My 15 month old son is currently having his nap. I miss having an online diary, I always end up having one! I’ve kept some sort of diary whether it be written or online since August 1999 when I was 11 years old! I’ve always loved writing, it really helps me. I started writing poetry when I was just 7, and obviously started writing diaries 4 years later. It’s just so therapeutic and I think I really need it right now. The past year has been extremely difficult and I’m surprised I didn’t have an online diary for this whole time, but with a baby I honestly didn’t really have time. But I’ve been thinking about starting a diary again the whole time and I didn’t but now I have! I don’t have many people to talk to really…my son can’t talk yet and my parents are both unwell, my older sister lives in Reading and the majority of my family live in Mexico! My fathers side of the family are scattered in England, but we don’t have much dealings with them really. I also have the worst kind of mental illness in terms of having any relationships at all- Borderline Personality Disorder (Emotionally Unstable Personality disorder, is a more accurate name for it.)

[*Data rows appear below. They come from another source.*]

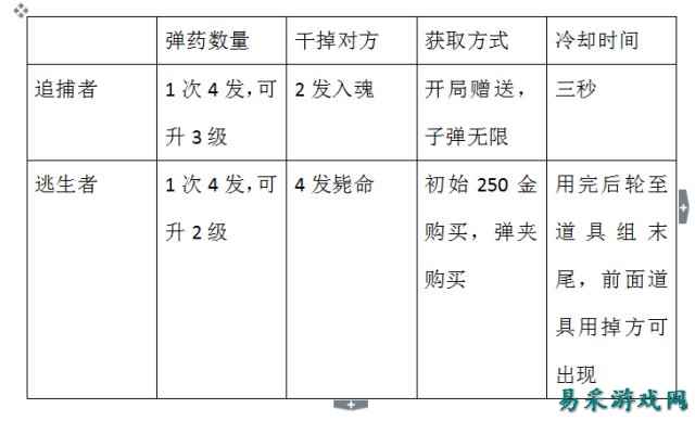 从道具上来说,包含钥匙箱和变形道具、陷阱。一张地图共有4把钥匙,拿到其中3把即可打开逃生门,开启钥匙箱需要校对轮盘,而开启钥匙箱的人越多,开启速度越快,同时队友死亡以后也可以加快队友开箱速度。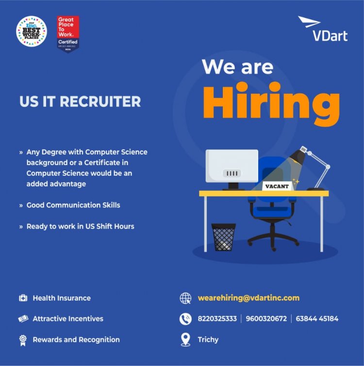 அமெரிக்காவை தலைமையிடமாக கொண்டு செயல்படும் V-Dart நிறுவனம் கணினி அறிவியல் படித்த பட்டதாரிகளுக்கு வேலைவாய்ப்புகளை அறிவித்துள்ளது.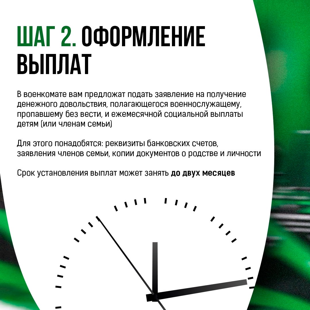 Шаг 2. Оформление выплат. В военкомате вам предложат подать заявление на получение денежного довольствия, полагающегося военнослужащему, пропавшему без вести, и ежемесячной социальной выплаты детям (или членам семьи). Для этого понадобятся: реквизиты банковских счетов, заявления членов семьи, копии документов о родстве и личности. Срок установления выплат может занять до двух месяцев.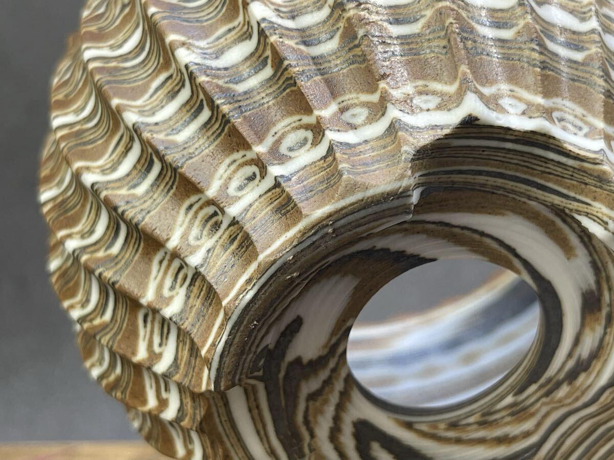 工業的な造形の中に、手仕事の温もりと偶然の美を宿した一点もの。

I’ve lived a terribly unstable life constantly in and out of mental health hospitals and A&E departments until early November 2014 when a GP tested a sample which showed I was most definitely pregnant, both lines were dark pink. I honestly thought I was suffering a water infection and would be picking up a prescription for antibiotics, not folic acid tablets to help prevent birth defects!! It was from this day I was forced to give up all my bad habits; self harm, lorazepam, sleeping pills & suicide attempts…because I wanted to, for my baby. It’s not been easy though. These were all my coping mechanisms. Writing and music are my only healthy ones! So I do need this diary again. I also had to have one of my most helpful anti-depressants reduced from a maximum dose to the lowest dose, in order to breastfeed my son. And I still breastfeed him, even though he’s 15 months old, and I’m so glad I decided to breastfeed him, he really does love it. He mainly uses it now for comfort, and to go to sleep. He fed from me to have his usual nap which he’s having right now. I feed him on a pillow and he just falls asleep on it, feeding. Then I move him to his cot. He does the exact same thing at night.
Even though I’ve changed and given up the worst things I used to do, I’m still not well, and I still need a release…and it can come out explosively and hurt those I love, which is the absolute worst. So that’s one of the most important reasons to have a diary again!! I still have so much to change. I have to still put my whole life back on track, I’ve spent a total of about 4 years in some sort of hospital, so I have never been able to complete my education or have a paid job! Taking things as they come definitely helps though. Little steps! Just like my son when he started walking in the middle of August!
Some simple things I definitely want to change is going to bed so late!! I stay up cleaning toys & the floors and I load up the washing machine…then I go on my computer and do the things I don’t have time for during the day with Harry …but I get too carried away! I can’t seem to stop because I long to just chill and do the things I can’t usually enjoy and just get so carried away! But then I don’t end up going to sleep till nearly 1am which is not good at all. I still breastfeed and I need adequate sleep. Harry is a lot of work!! And I get annoyed at him much more when I’m overly tired and I don’t like to be like that. He’s still little and still learning. Got to learn to get adequate sleep, for my sons sake if not for my own! Okay so starting tonight, small step: Going to bed as early as possible!!! Wish me luck. I’m exhausted at the moment…and I’m struggling to get Harry to eat properly, he certainly doesn’t have three meals a day, much much less, he is really off his food and it worries me so much!!